Using the listing below, set down exactly the lines starting at the line that contains "Amazon[amazon.com] has 20-Oz" and ending at the line that contains "LED ŽÁROVKA TRIXLINE", both included, and no others.

Exercise data Block Start

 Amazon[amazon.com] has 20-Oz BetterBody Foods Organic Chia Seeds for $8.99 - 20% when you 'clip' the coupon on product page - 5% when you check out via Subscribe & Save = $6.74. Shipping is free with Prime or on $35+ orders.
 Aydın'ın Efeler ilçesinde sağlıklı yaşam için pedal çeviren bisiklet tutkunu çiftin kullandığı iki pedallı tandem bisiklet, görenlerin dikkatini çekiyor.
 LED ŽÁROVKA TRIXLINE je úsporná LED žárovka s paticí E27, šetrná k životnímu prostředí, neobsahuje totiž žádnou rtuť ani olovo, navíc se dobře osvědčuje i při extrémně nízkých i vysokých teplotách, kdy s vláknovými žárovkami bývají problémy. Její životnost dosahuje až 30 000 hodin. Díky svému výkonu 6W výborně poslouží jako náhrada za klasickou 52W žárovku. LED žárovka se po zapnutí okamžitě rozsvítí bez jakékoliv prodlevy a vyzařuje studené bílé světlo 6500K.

Exercise data Block End
Exercise data Block Start

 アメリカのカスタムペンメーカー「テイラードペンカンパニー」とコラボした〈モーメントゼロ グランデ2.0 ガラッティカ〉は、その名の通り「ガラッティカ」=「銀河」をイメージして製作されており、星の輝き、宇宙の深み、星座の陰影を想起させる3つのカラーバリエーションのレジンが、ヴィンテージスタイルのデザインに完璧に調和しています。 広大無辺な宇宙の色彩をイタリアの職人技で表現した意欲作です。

Exercise data Block End

Completed exercise:
 Amazon[amazon.com] has 20-Oz BetterBody Foods Organic Chia Seeds for $8.99 - 20% when you 'clip' the coupon on product page - 5% when you check out via Subscribe & Save = $6.74. Shipping is free with Prime or on $35+ orders.
 Aydın'ın Efeler ilçesinde sağlıklı yaşam için pedal çeviren bisiklet tutkunu çiftin kullandığı iki pedallı tandem bisiklet, görenlerin dikkatini çekiyor.
 LED ŽÁROVKA TRIXLINE je úsporná LED žárovka s paticí E27, šetrná k životnímu prostředí, neobsahuje totiž žádnou rtuť ani olovo, navíc se dobře osvědčuje i při extrémně nízkých i vysokých teplotách, kdy s vláknovými žárovkami bývají problémy. Její životnost dosahuje až 30 000 hodin. Díky svému výkonu 6W výborně poslouží jako náhrada za klasickou 52W žárovku. LED žárovka se po zapnutí okamžitě rozsvítí bez jakékoliv prodlevy a vyzařuje studené bílé světlo 6500K.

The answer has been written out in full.